With that in mind, we as creators will be able to ask Gen AI not to write for us, but to draft for us, so that we can get out of the muck that is stuck in our brains and begin to refine and edit and revise after the foundation is laid. What is left behind as detritus will be much like what we left behind us when we were drafting ourselves – an unrecognizable skeleton of tossed aside word salads. It requires our fine touch to render the work useful and beautiful. Gen AI will have helped us get there faster, much the same way moving from horse to car allowed us to move from place to place more quickly, too.

Automating Q&A

As a tech writer, I cannot even begin to tell you how many times I have been asked to write an FAQ section for documentation.

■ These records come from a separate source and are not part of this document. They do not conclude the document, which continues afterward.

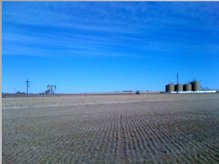
Gurtler facility • North View
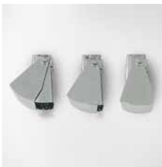
Precise opening and closing control
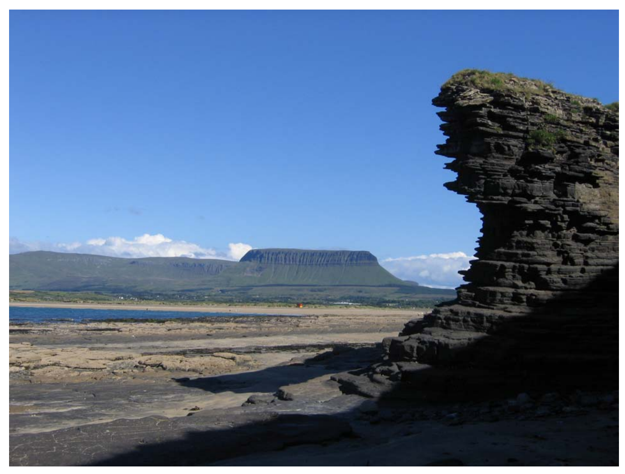
Streedagh Point and Ben Bulben

AGE OF ROCKS: Precambrian; Devonian to Carboniferous, Paleogene
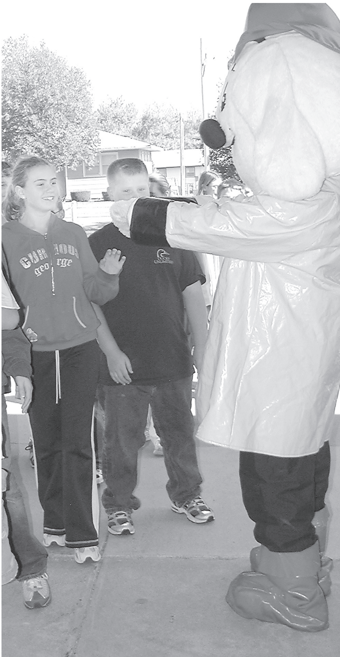
Sparky The Fire Pup was popular with students at Eisenhower Elementary School Thursday after he helped present a fire safety program.

Logan 68, Palco 22 Trego 14, Hill City 12 LSU 28, Florida 24 Missouri 41, Nebraska 6 Oklahoma 28, Texas 21 Illinois 31, Wisconsin 26 Maryland 28, Georgia Tech 26 Oregon State 31, Arizona 16 Kansas 30, Kansas State 24
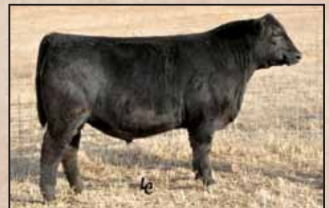
Ellingson Revolution 1047, a maternal brother to the dam of Lots 56 and 57.
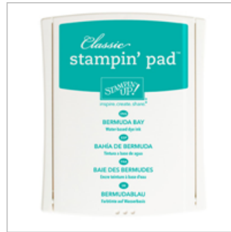
Bermuda Bay Classic Stampin' Pad
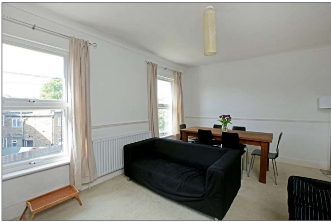
Soames Street 147810 ph05
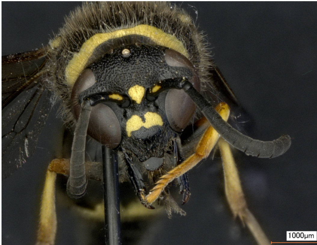
Fig. 2. Frontal view of the head of a female of Eumenes coarctatus (individual RN0262) (morph « coarctatus ») from Neunforn (canton of Turgovia) in northern Switzerland.
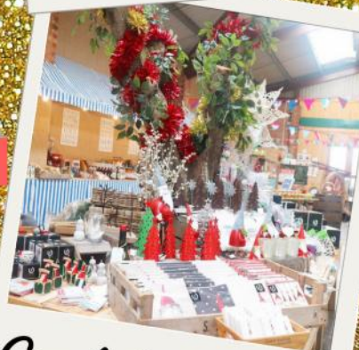
Great Gift Ideas
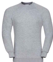
762M Classic Sweatshirt SIZES XS-4XL
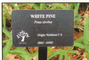
New identifying signs
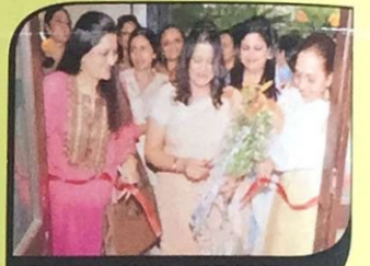
Opening of Maitreyi Exhibition
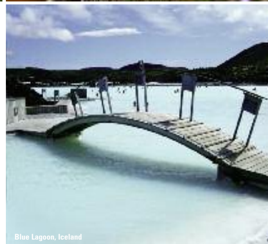
Blue Lagoon, Iceland
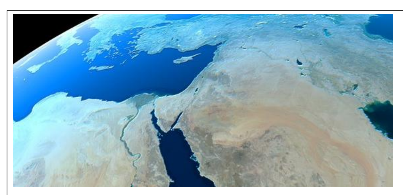
The LORD appeared to Abram and said, "To your offspring I will give this land." Genesis 12.7

The earth is the LORD's and the fullness thereof the world and those who dwell therein Psalm 24.1
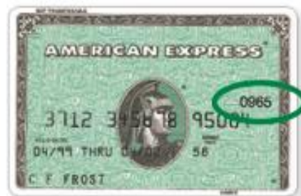
American Express CCV
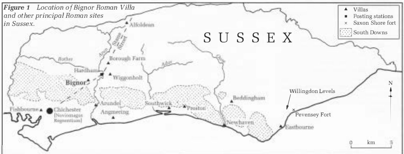
Figure 1 Location of Bignor Roman Villa and other principal Roman sites in Sussex.

The FAU's involvement with Bignor Villa goes back to 1985, when, in conjunction with West Sussex County Council, a programme of excavations was begun, designed to locate and assess the condition of parts of the villa that had previously been exposed during the early nineteenth century and subsequently reburied. As well as achieving these primary aims, excavations undertaken between 1985 and 1988 added considerably to our knowledge of the development of the site. In addition, as a direct result of these excavations the trustees of the villa removed from arable cultivation the entire area of the courtyard and its adjoining enclosure.

My answer to this request is always the same. I will not.

I will not write an FAQ because if there are frequently asked questions, I should answer those within the documentation. Sheesh!

And yet.

There remain some questions that indeed, users will face time and again that are unlikely to be answered in the documentation. I get it. No matter how much of a purist I am, I understand that there are frequently asked questions that need frequent answers.

So a technical writer can collate those questions and help develop the chatbot that integrates with a product’s or company’s knowledge repository to answer those repetitive questions effectively. This bot can instantly provide responses in a way that no live writer could, through a call-and-response mechanism that is smoother than static documentation. By leveraging AI, we can ask our tools to ingest data and interpret our users’ needs and provide output that is both relevant and accurate. This can enhance the user’s experience by responding immediately whereas a human might require time to look something up, or might be off-hours or otherwise detained.

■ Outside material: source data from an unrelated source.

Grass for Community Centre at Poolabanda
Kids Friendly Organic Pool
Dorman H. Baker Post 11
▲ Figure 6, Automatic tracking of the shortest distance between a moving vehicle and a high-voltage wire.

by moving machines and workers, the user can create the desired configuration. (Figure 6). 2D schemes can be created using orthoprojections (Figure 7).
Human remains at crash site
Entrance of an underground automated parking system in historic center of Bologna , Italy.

AI-powered chatbots are efficient, interactive, and fast. But they serve only after technical writers feed them all they need in terms of information. It’s vital to remember that our AI tools are only as good as the data they are given to start with.

Data

Technical writers will also be very well served by the data that AI can give us. Back when I was in graduate school, we worked very hard to manually enter volumes of information to build dictionaries of strings of phrases and what they meant in general syntax. It was difficult and time consuming. Today, though, thanks to AI-powered tools, we could have completed that project in a fraction of the time.

How AI data will benefit tech writers is that it will allow us to gather truly valuable insights into our users’ behaviors and we can stop making what we once knew were educated guesses about their pathways. Tools we have now measure user engagement, search pattern behaviors, and even the effectiveness of our content through click rates, bounce patterns, andmore, and they serve it all up in nice, tidy numbers. We can use this to optimize our content and identify the gaps we see and close them quickly.

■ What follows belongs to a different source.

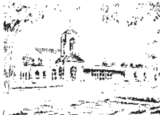
Our Lady of the Lake 129 Metro Road North, Keswick, ON L4P 3C8 Telephone: 905-476-0097 Fax: 905-476-0897
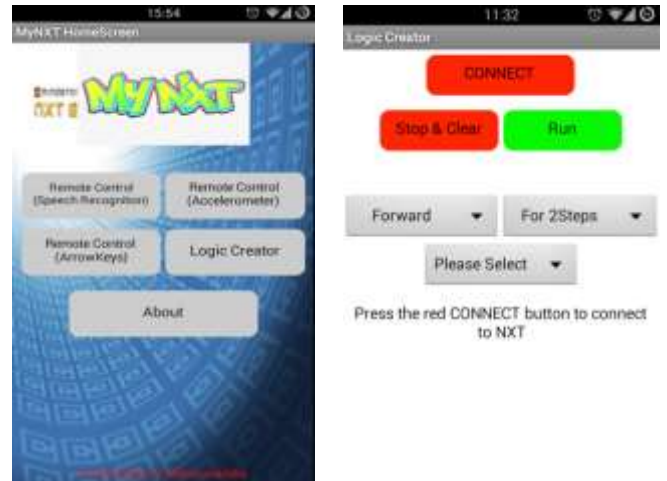
(a) The home screen of MyNXT (b) The Logic Creator of MyNXT Fig. 1. MyNXT’s home screen (a) and the Logic Creator function (b)

corresponding screens, which offer the user three types of direct control over Bluetooth to the NXT. The first type, speech recognition, recognizes specified voice commands on the touch of the microphone icon. Those commands are given to the user at the bottom of the screen. The second type, accelerometer, takes advantage of the android device’s built in accelerometer to transfer and translate the movements of the device to moving the robot forward, backward, left and right. Last, the third type, arrow keys, is a common button control. The fourth button, name Logic Creator, opens the Logic Creator screen as seen on the right half of Fig. 1, which allows the user to prebuild the logic that the robot will later on execute when the run button is pressed. Hence, children are allowed to create and execute their own linear logic. The functionality of the Logic Creator is depicted in Fig. 2.

Leveraging analytics data allows tech writers now to focus on the content our users access often, the content that interests them the most, and the keywords they search – and do or do not find – with greatest success. Plus, we can now see just what stymies our users and all of this will empower us to create the most targeted content that will greatly improve the user experience.

Optimization

More than just a buzzword, content optimization is probably the most powerful benefit of AI-enabled tech writing. Asking a good AI tool to analyze technical documentation to provide feedback about readability against a style guide and structural rules is probably the best thing we could ask for. Sure, we’ve got things like grammarly and acrolinx to do spot-checking. That’s all well and good. But now AI can help us enhance accessibility, it can help us tailor content for specific audiences, it can allow or disallow entire phrases and terms. We can advance our proofreading capabilities far more than we could before by loading in custom dictionaries and guides.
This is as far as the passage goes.